> _WHAT IS NEEDED_
Repeat the lines below exactly as they appear, but leave out the images.
*** Opening of DATA SEGMENT ***
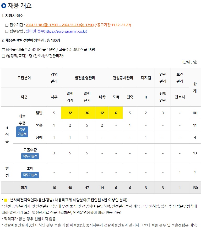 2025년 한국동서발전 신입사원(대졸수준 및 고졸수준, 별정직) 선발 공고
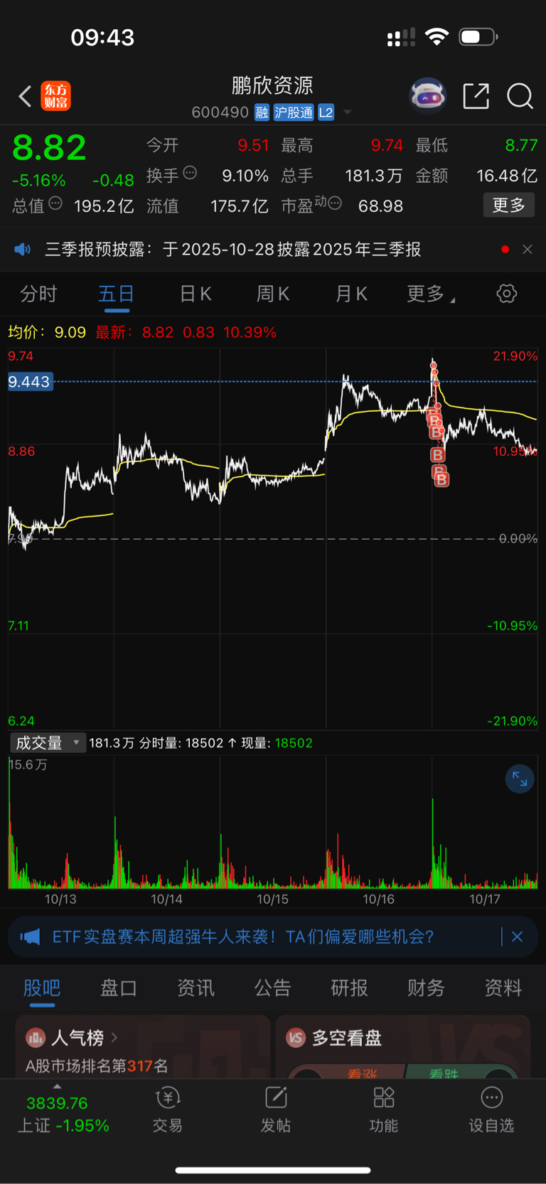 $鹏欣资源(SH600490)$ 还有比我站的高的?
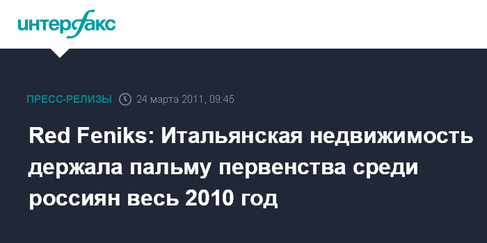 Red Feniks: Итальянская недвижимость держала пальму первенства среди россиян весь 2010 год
*** Close of DATA SEGMENT ***
> _ANSWER SECTION_
 2025년 한국동서발전 신입사원(대졸수준 및 고졸수준, 별정직) 선발 공고
 $鹏欣资源(SH600490)$ 还有比我站的高的?
 Red Feniks: Итальянская недвижимость держала пальму первенства среди россиян весь 2010 год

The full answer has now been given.